Zentrale Erkenntnisse:

  • Internationale Aktien könnten weiter zulegen, wenn eine steigende Rentabilität ein nachhaltiges Re-Rating stützt. Viele Märkte werden immer noch mit Abschlägen gehandelt, die mit den aufkommenden Verbesserungen der Eigenkapitalrendite unvereinbar scheinen.
  • Unternehmensreformen werden zu einem wichtigen Katalysator in den internationalen Märkten. Politiker, Regulierungsbehörden und Aktionäre treiben Veränderungen voran, die darauf abzielen, die Kapitalallokation, die Governance und die Aktionärsrenditen zu verbessern.
  • Die Anlagemöglichkeit verschiebt sich von günstigen Bewertungen zu höherer Qualität. Märkte wie Japan, Südkorea und Teile Europas zeigen Anzeichen für eine stärkere Rentabilität, die den Abstand zu den USA im Laufe der Zeit verringern könnte.

In den letzten zwei Jahrzehnten sind internationale Aktien häufig hinter den USA zurückgeblieben. Wirtschaftliche und Gewinnwachstumsunterschiede spielten dabei zwar eine Rolle, aber der Abstand bei der Unternehmensrentabilität war ebenso wichtig.

In der Vergangenheit haben Märkte mit höheren Eigenkapitalrenditen (ROE) tendenziell und durchweg höhere Bewertungen erzielt. Die USA hat sich durch überlegene Rentabilität und Aktionärsrenditen hervorgetan. Zahlreiche internationale Märkte hingegen hatten mit geringerer Rentabilität, schwächerer Kapitalallokation und gedämpften Renditen zu kämpfen, was zu einer anhaltenden Underperformance führte.

Es gibt jedoch immer mehr Anzeichen dafür, dass sich dieser langfristige Trend zu ändern beginnt.

Eine der Fragen, die uns am häufigsten gestellt wird, ist, ob die internationale Aktienrally, die 2025 begann, anhalten kann.

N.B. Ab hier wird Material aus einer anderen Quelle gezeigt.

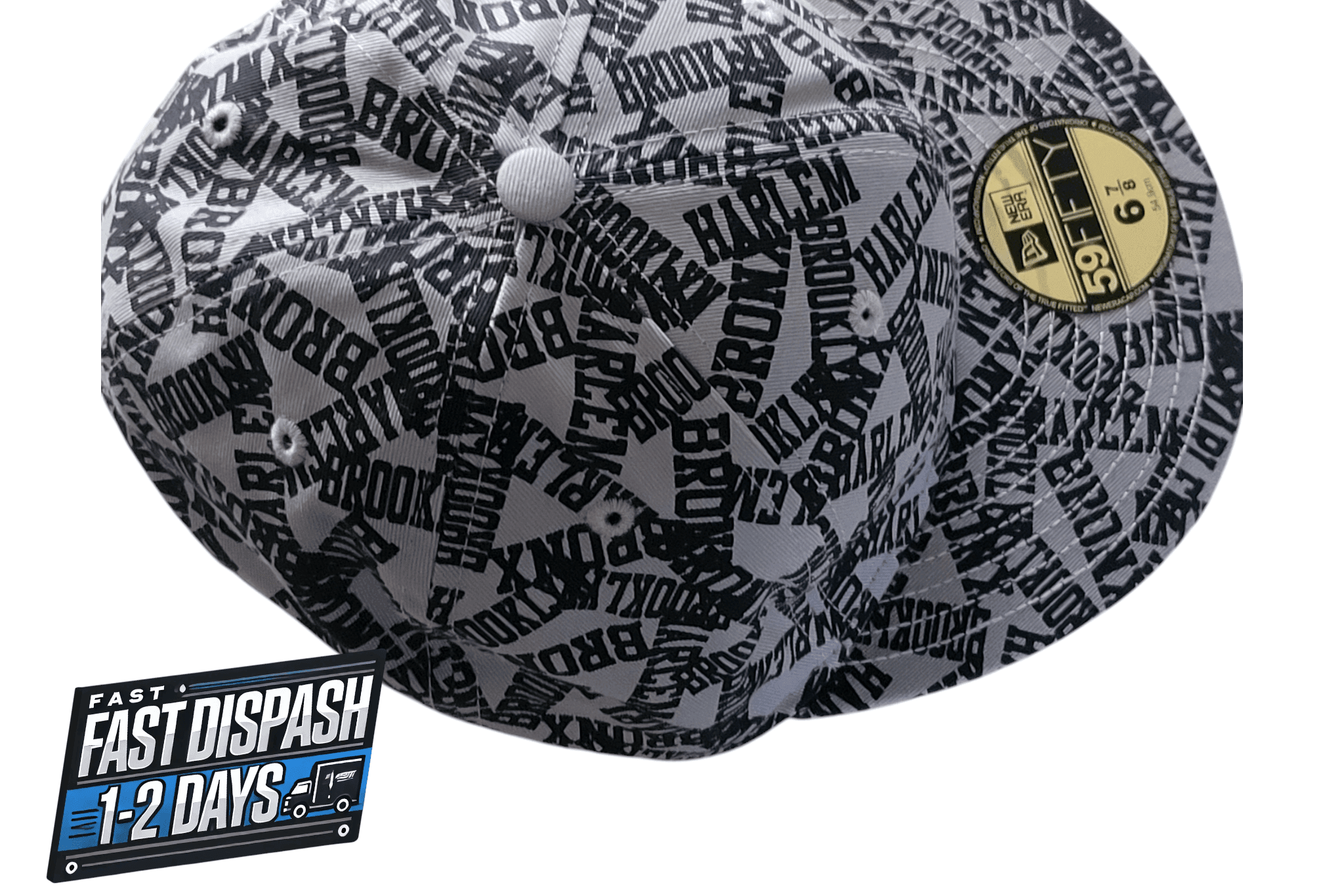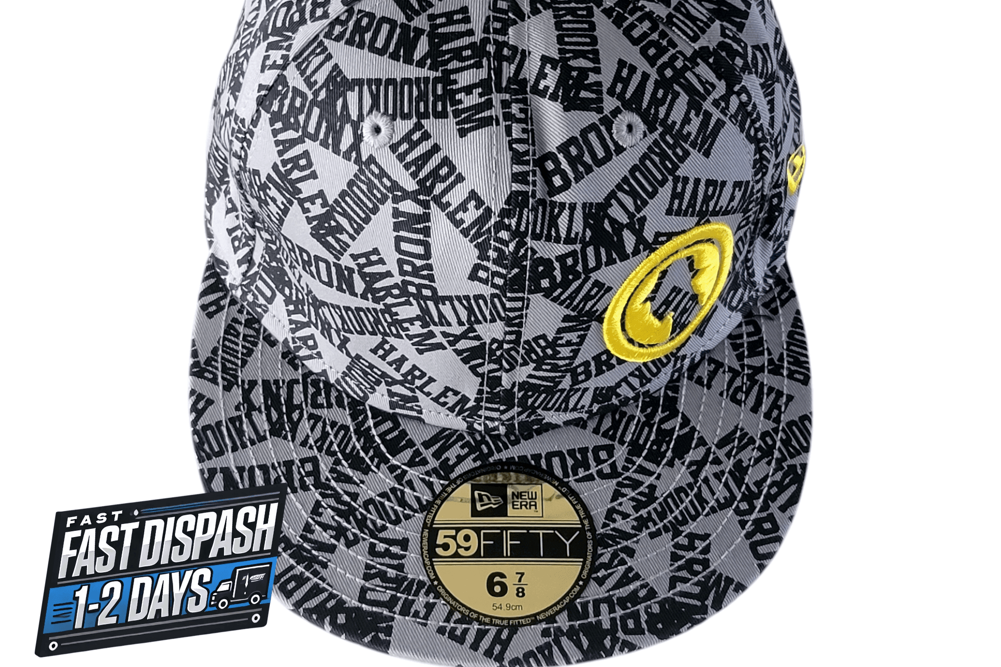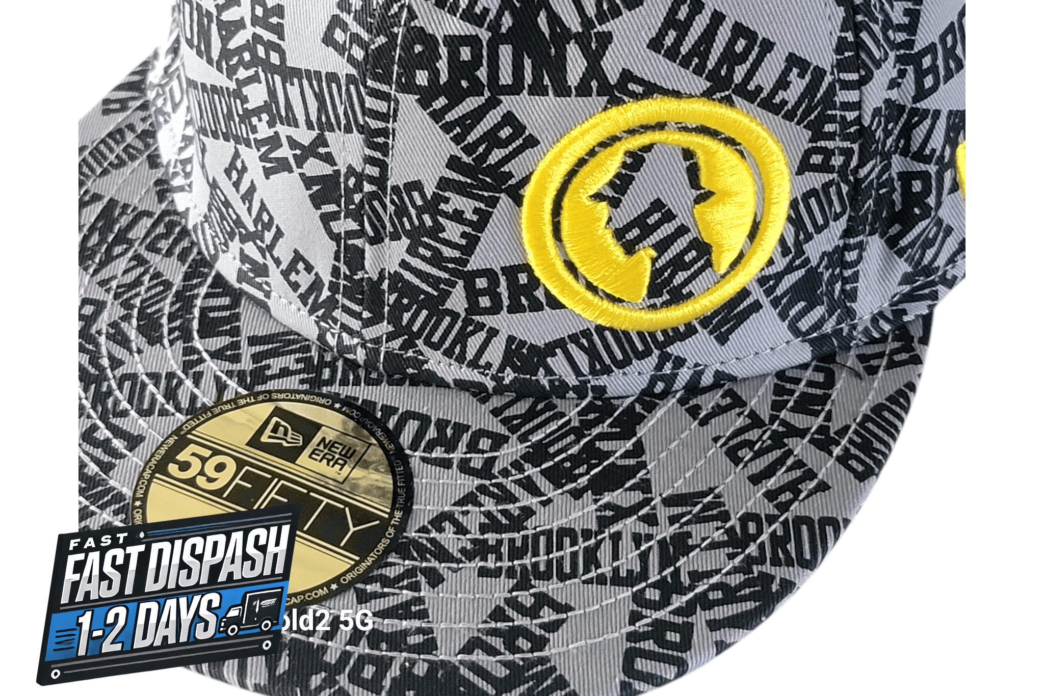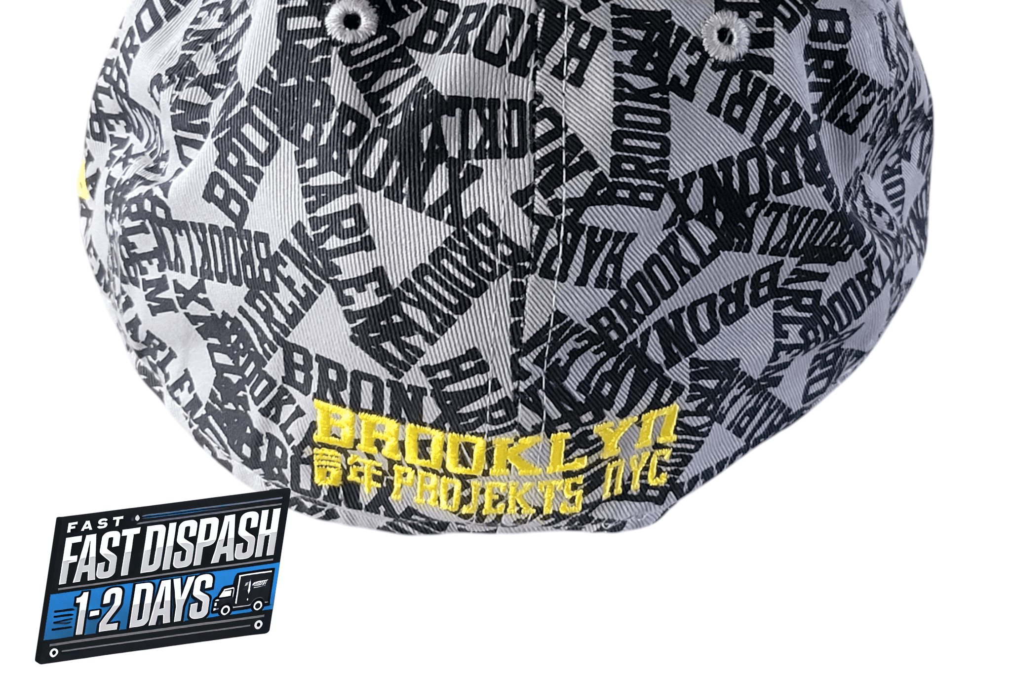 This New Era Projekts NYC 59FIFTY Fitted Cap is a striking addition for any hat enthusiast or streetwear fan. The cap is made of 100% cotton, ensuring both comfort and durability. It features an eye-catching gray background with a bold graphic text pattern highlighting iconic New York City locations such as "Bronx," "Harlem," and "Brooklyn." The cap is accented by a yellow embroidered "Brooklyn" text on the front and a luxurious Projekts NYC logo on the interior, emphasizing its unique design.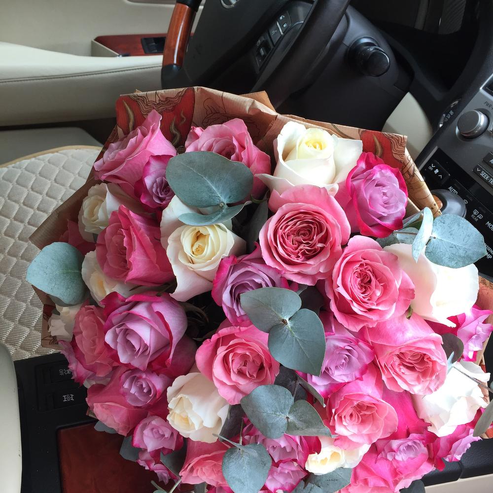 Эвкалипт – 3 шт. Роза сиреневая – 21 шт. Крафт упаковка – 1 шт. Роза розовая 60 см – 20 шт. Роза белая 60 см – 10 шт.

Die Antwort dürfte weniger von der Makroökonomie abhängen als vielmehr davon, ob internationale Unternehmen eine nachhaltige Steigerung der Rentabilität erzielen können. Wenn sie das können, könnten sich die aktuellen Bewertungsabschläge als schwer zu rechtfertigen erweisen.

Diagramm 1: Die Aktienbewertungen spiegeln tendenziell die Rentabilität wider – einige Nicht-US-Märkte erscheinen potenziell unterbewertet

Streudiagramm, das die Beziehung zwischen der Eigenkapitalrendite (ROE) auf der x-Achse und dem Kurs-Buchwert-Verhältnis auf der y-Achse über die wichtigsten Aktienmärkte zeigt. Eine gepunktete, aufwärts gerichtete Trendlinie weist auf einen positiven Zusammenhang zwischen Rentabilität und Bewertung hin. Die USA haben die höchste ROE (ca. 20 %) und das höchste Kurs-Buchwert-Verhältnis (ca. 5,1x). Die USA ohne Tech-Sektor haben eine niedrigere ROE (ca. 14 %), aber eine relativ hohe Bewertung (ca. 3,8x). Großbritannien, Spanien, Italien, Schwellenländer (EM), Eurozone, Frankreich, Deutschland und Japan liegen zwischen 9 % und 15 % ROE und 1,7x bis 2,4x Kurs-Buchwert-Verhältnis. Japan hat die niedrigste ROE (ca. 9,5 %) und eine der niedrigsten Bewertungen (ca. 1,8x). Im Allgemeinen tendieren Märkte mit höherer ROE dazu, zu höheren Kurs-Buchwert-Multiplikatoren gehandelt zu werden.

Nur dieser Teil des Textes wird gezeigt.